Monday, May 21, 2007

nothing can describe. EFFING hell!

I HATE IT! I HATE THIS EFFING FEELING.

i deleted the previous post. i dont knw why. i just had an urge to delete everything, even my blog!

sorry then. i really have nothing to say alrdy. i do hope you read this for the last time, one more time will do. or maybe wont alrdy. cus, somehow, i dont knw how and what to reply you. yes, i'm typing it openly. i dont want to make it black anymore.

you msged. i read. i cried. i dont understand. tears just came down uncontrollably. even when i didnt bother to think about it. i dont think anyone can understand how i'm feeling now. forget it.

thanks for letting me know, anyway. two routes. one yours ; one mine. that's it!

i'm really outta words. nothing can descibe it.

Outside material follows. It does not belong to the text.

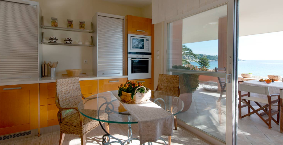 Продается вилла площадью 550 кв.м в Кавале. Из окон открывается великолепный вид на море, на горы, на лес. У объекта есть солнечные батареи для нагрева воды, камин, кондиционер, тенты, зона барбекю, отопление. Недвижимость продается с мебелью. У объекта установлена сигнализация. К недвижимости относится парковочное место, сад, гараж. На территории расположен бассейн личного пользования. Предлогаем на продажу виллу площадью 550 кв.м, в пригороде Кавалы. Вилла состоит из 3 этажей (плюс подвал и мансард). Первый этаж вмещает крытый бассейн, одну спальную комнату, гостиную с камином, кухню и одно помещение под спортивный зал и спа. Этот этаж имеет выход на сад и на закрытый гараж. Второй этаж состоит из гостиной со столовой и мрамарным камином, просторной кухни. Третий этаж распологает тремя спальными комнатами, одной хозяйской комнаты с личным санузлом и одной ванной комнаты. В подвале находится кательная. Дом также имеет мансард, который вмещает одну спальную комнату.К элегантному дому прилегает участок площадью 3.800 кв.м с красивым садом, барбекю, деревянной беседки и детских качелях. Вилла имеет прекрасный вид на море и на горы.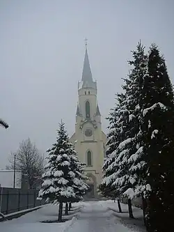 Dominantou obce je římskokatolický kostel svatého Jiří postavený Coburgy v neogotickém stylu v roce 1894. V obci je i římskokatolická kaplička Panny Márie Sedembolestnej z roku 1890. K výrazným architektonickým památkám patří i barokně-klasicistická fara, klasicistická budova hotelu Koruna a klasicistické současné sídlo obecního úřadu z roku 1800.

sometimes i really dont understand. why?! that three words appeared in the msg. i really really really dont understand it. i woke up happily and things turned out to be like this. i think the only way now is _ and _ .? i'll try to. gimme some time, pls. i swear i'll forget about you and concentrate on my studies fully! and i'm sure, you've alrdy done it! sorry! perhaps, it's alrdy so wrong right from the start. what's done cannot be undone? this sentence is TOTALLY SO WRONG! maybe for some things, yes. one more week of school and i can seriously make full use of june hols to avoid thinking about things which happened since term1. hopefully... but still, thanks for some of those nice memories you've given me in the past few months. though i dont think they meant much to you?, but still , i appriciate it alot. thank you!